6.10. Survival. The covenants, agreements and representations and warranties of the Company under the Transaction Documents shall survive the execution and delivery hereof indefinitely.
6.11. Publicity. Subject to Section 3.8, the Company and DSR agree that it will not disclose, and will not include in any public announcement, the names of the Purchaser without the consent of the Purchaser, which consent shall not be unreasonably withheld or delayed, or unless and until such disclosure is required by law, rule or applicable regulation, and then only to the extent of such requirement. Notwithstanding the foregoing, the Purchaser consents to being identified in any filings the Company makes with the SEC to the extent required by law or the rules and regulations of the SEC.

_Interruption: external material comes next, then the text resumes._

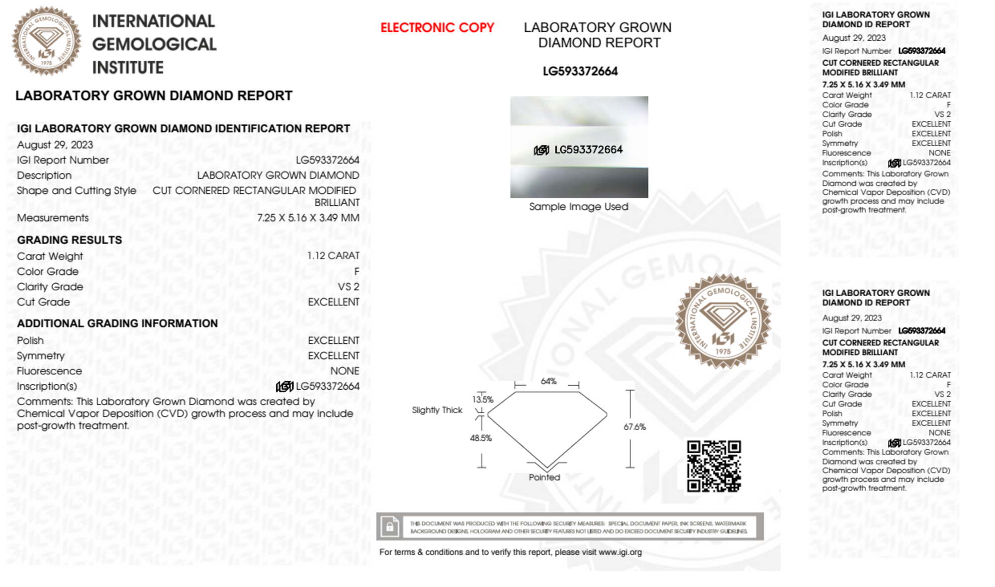 Your 1.12 carat Radiant lab diamond is graded F color (Colorless), and you can read more about F color diamonds here.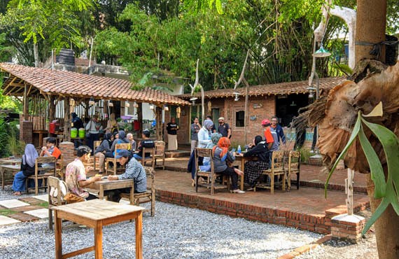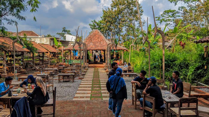 Meskipun tergolong tempat nongkrong yang baru dibuka, tapi di sini secara visual mata Anda sudah akan dimanjakan dengan konsep yang tidak biasa. Elemen-elemen klasik Jawa bertabur mulai dari pintu gerbang hingga mentok ke bangunan dapur dan meja order.

6.12. Severability. The provisions of this Agreement are severable and, in the event that any court of competent jurisdiction shall determine that any one or more of the provisions or part of the provisions contained in this Agreement shall, for any reason, be held to be invalid, illegal or unenforceable in any respect, such invalidity, illegality or unenforceability shall not affect any other provision or part of a provision of this Agreement and this Agreement shall be reformed and construed as if such invalid or illegal or unenforceable provision, or part of such provision, had never been contained herein, so that such provisions would be valid, legal and enforceable to the maximum extent possible.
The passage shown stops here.